**WORK ITEM:**
Make an exact copy of the entries, and keep any pictures out of it.

Data excerpts:
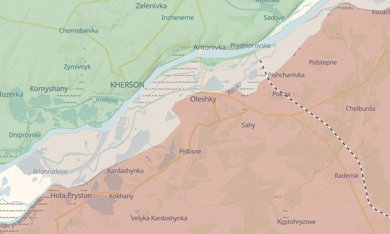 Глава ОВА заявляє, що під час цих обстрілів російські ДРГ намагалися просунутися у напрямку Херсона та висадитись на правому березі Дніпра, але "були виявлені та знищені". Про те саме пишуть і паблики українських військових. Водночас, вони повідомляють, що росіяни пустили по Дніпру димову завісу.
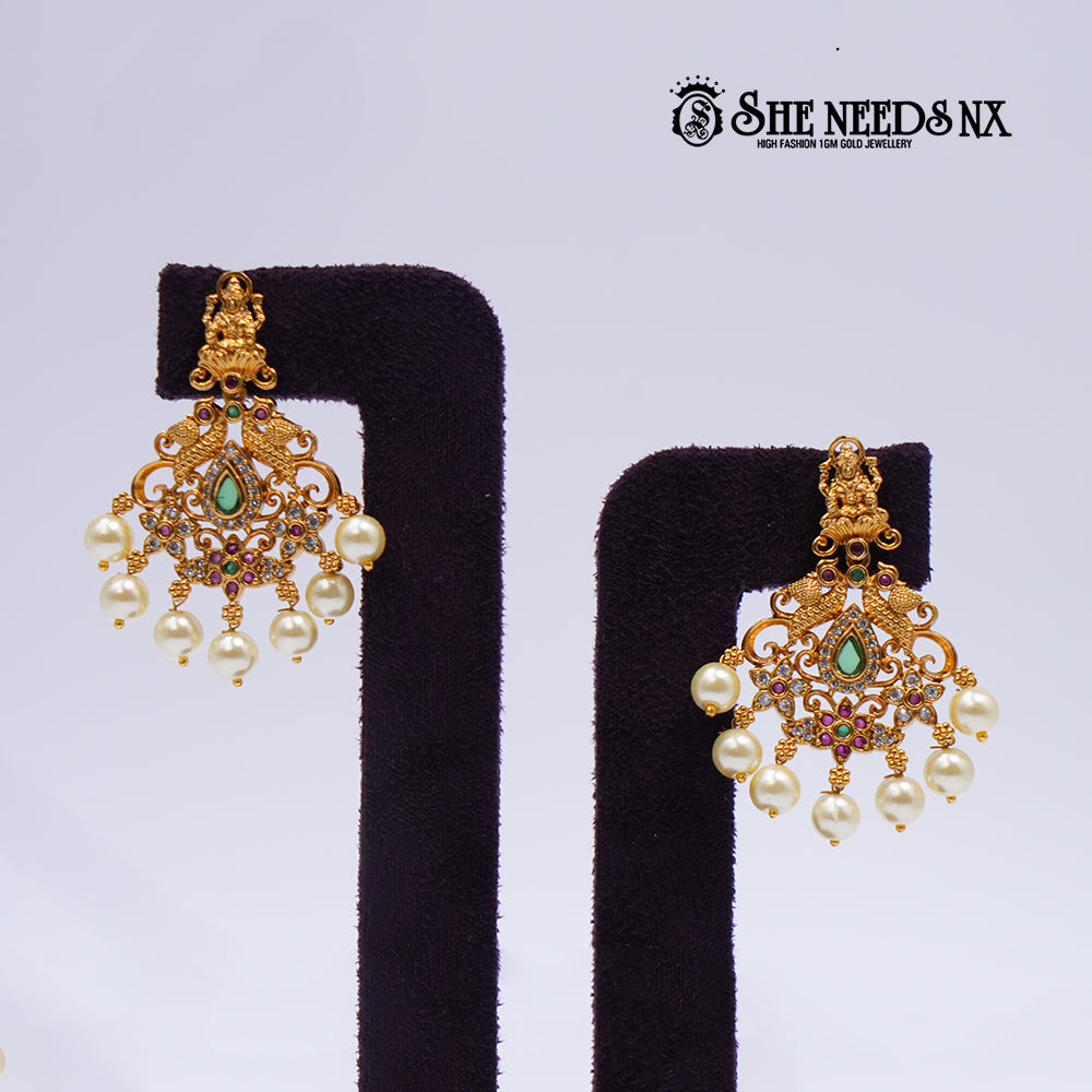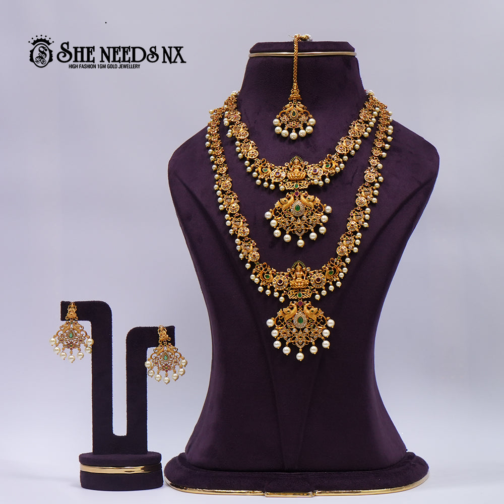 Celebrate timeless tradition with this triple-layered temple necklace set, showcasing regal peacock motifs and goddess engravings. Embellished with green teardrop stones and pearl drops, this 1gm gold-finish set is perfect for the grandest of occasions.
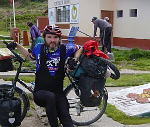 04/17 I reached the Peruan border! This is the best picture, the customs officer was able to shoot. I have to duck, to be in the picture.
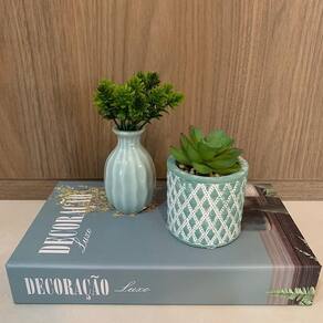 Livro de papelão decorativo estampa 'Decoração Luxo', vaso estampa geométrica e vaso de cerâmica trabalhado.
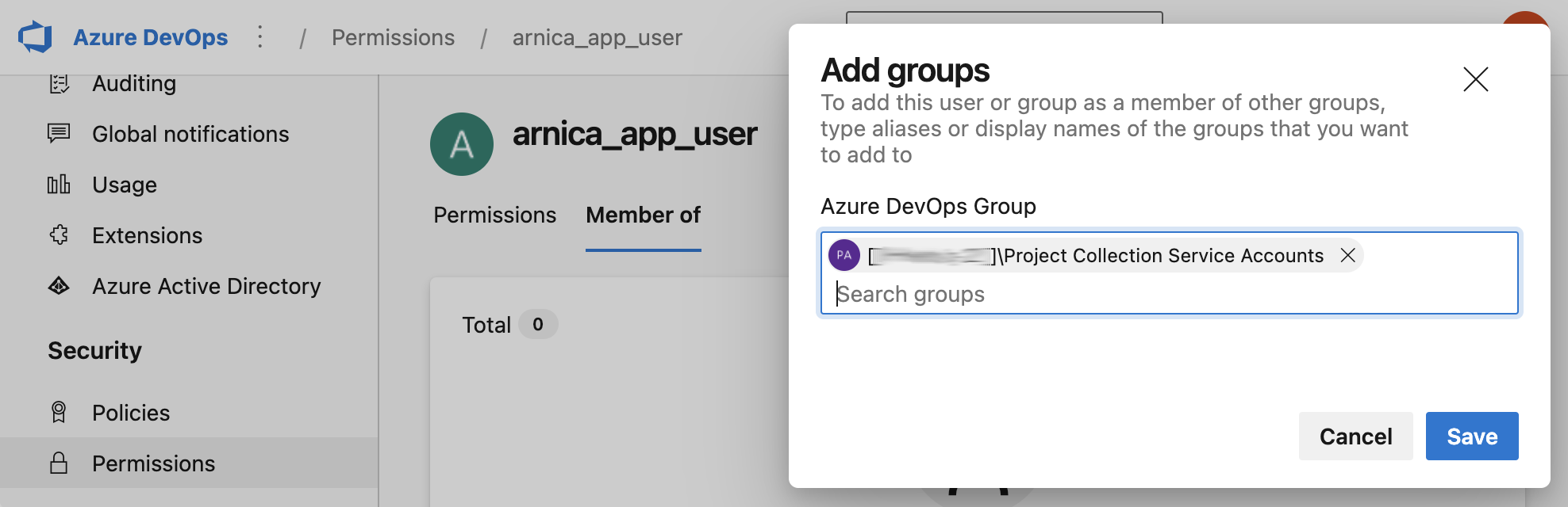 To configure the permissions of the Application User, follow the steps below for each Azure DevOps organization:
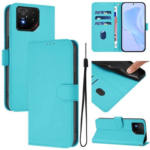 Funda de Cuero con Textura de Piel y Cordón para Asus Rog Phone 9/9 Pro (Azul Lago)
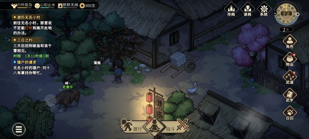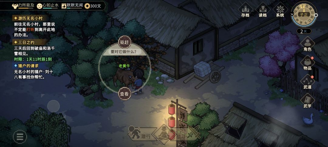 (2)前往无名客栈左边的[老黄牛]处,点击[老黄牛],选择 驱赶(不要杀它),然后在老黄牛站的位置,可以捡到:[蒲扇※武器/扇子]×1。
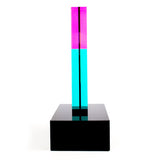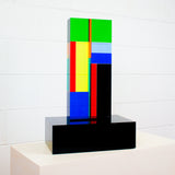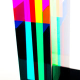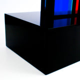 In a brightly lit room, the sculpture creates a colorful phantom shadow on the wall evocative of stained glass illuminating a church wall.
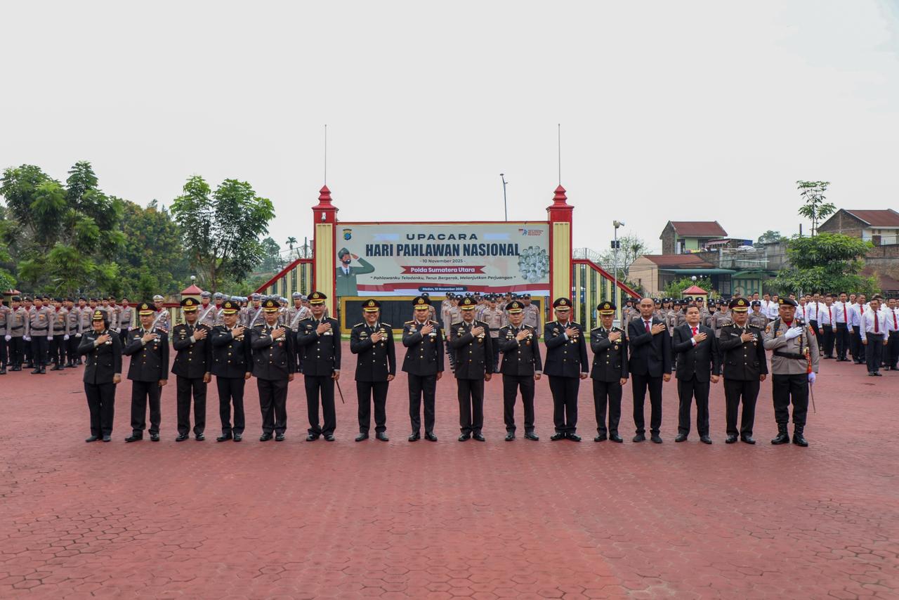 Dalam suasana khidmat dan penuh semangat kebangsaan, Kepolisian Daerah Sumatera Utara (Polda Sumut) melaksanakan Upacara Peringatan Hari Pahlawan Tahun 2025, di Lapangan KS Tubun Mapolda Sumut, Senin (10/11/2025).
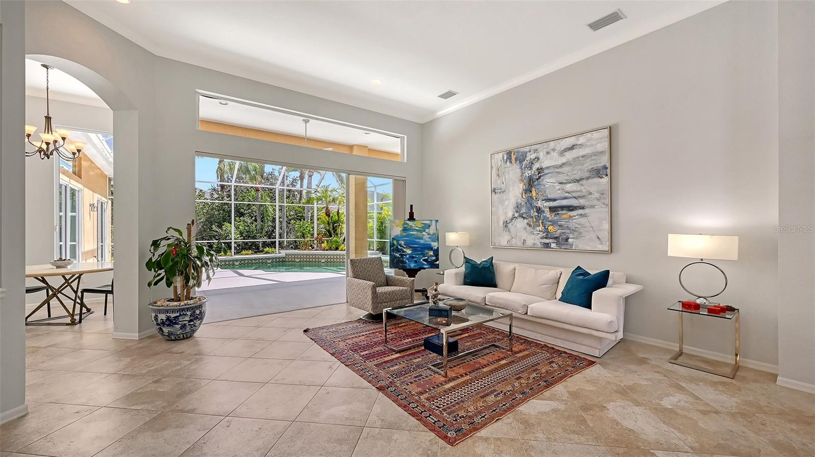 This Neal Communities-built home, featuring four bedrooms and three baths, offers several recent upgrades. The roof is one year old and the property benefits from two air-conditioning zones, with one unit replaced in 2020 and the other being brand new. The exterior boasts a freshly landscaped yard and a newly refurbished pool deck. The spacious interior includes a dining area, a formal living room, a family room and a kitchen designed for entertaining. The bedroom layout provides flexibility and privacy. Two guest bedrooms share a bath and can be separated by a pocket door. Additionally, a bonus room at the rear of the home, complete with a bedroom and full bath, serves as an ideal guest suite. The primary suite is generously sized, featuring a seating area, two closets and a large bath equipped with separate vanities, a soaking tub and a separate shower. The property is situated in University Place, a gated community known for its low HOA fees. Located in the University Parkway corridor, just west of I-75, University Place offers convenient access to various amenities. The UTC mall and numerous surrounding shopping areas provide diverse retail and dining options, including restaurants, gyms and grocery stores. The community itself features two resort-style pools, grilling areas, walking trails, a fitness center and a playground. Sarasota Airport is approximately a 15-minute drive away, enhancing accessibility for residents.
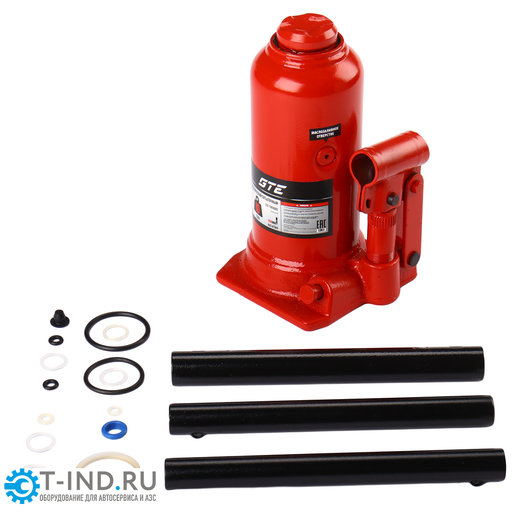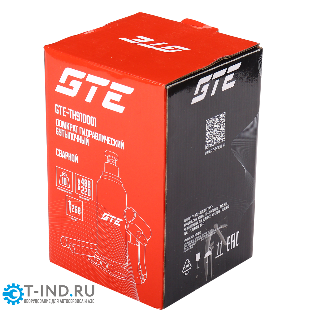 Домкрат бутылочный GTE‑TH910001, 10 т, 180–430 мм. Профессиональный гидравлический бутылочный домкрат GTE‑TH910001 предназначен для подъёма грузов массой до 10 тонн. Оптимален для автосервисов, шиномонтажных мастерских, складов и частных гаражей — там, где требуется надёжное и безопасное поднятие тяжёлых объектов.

**RESPONSE BELOW:**
 Глава ОВА заявляє, що під час цих обстрілів російські ДРГ намагалися просунутися у напрямку Херсона та висадитись на правому березі Дніпра, але "були виявлені та знищені". Про те саме пишуть і паблики українських військових. Водночас, вони повідомляють, що росіяни пустили по Дніпру димову завісу.
 Celebrate timeless tradition with this triple-layered temple necklace set, showcasing regal peacock motifs and goddess engravings. Embellished with green teardrop stones and pearl drops, this 1gm gold-finish set is perfect for the grandest of occasions.
 04/17 I reached the Peruan border! This is the best picture, the customs officer was able to shoot. I have to duck, to be in the picture.
 Livro de papelão decorativo estampa 'Decoração Luxo', vaso estampa geométrica e vaso de cerâmica trabalhado.
 To configure the permissions of the Application User, follow the steps below for each Azure DevOps organization:
 Funda de Cuero con Textura de Piel y Cordón para Asus Rog Phone 9/9 Pro (Azul Lago)
 (2)前往无名客栈左边的[老黄牛]处,点击[老黄牛],选择 驱赶(不要杀它),然后在老黄牛站的位置,可以捡到:[蒲扇※武器/扇子]×1。
 In a brightly lit room, the sculpture creates a colorful phantom shadow on the wall evocative of stained glass illuminating a church wall.
 Dalam suasana khidmat dan penuh semangat kebangsaan, Kepolisian Daerah Sumatera Utara (Polda Sumut) melaksanakan Upacara Peringatan Hari Pahlawan Tahun 2025, di Lapangan KS Tubun Mapolda Sumut, Senin (10/11/2025).
 This Neal Communities-built home, featuring four bedrooms and three baths, offers several recent upgrades. The roof is one year old and the property benefits from two air-conditioning zones, with one unit replaced in 2020 and the other being brand new. The exterior boasts a freshly landscaped yard and a newly refurbished pool deck. The spacious interior includes a dining area, a formal living room, a family room and a kitchen designed for entertaining. The bedroom layout provides flexibility and privacy. Two guest bedrooms share a bath and can be separated by a pocket door. Additionally, a bonus room at the rear of the home, complete with a bedroom and full bath, serves as an ideal guest suite. The primary suite is generously sized, featuring a seating area, two closets and a large bath equipped with separate vanities, a soaking tub and a separate shower. The property is situated in University Place, a gated community known for its low HOA fees. Located in the University Parkway corridor, just west of I-75, University Place offers convenient access to various amenities. The UTC mall and numerous surrounding shopping areas provide diverse retail and dining options, including restaurants, gyms and grocery stores. The community itself features two resort-style pools, grilling areas, walking trails, a fitness center and a playground. Sarasota Airport is approximately a 15-minute drive away, enhancing accessibility for residents.
 Домкрат бутылочный GTE‑TH910001, 10 т, 180–430 мм. Профессиональный гидравлический бутылочный домкрат GTE‑TH910001 предназначен для подъёма грузов массой до 10 тонн. Оптимален для автосервисов, шиномонтажных мастерских, складов и частных гаражей — там, где требуется надёжное и безопасное поднятие тяжёлых объектов.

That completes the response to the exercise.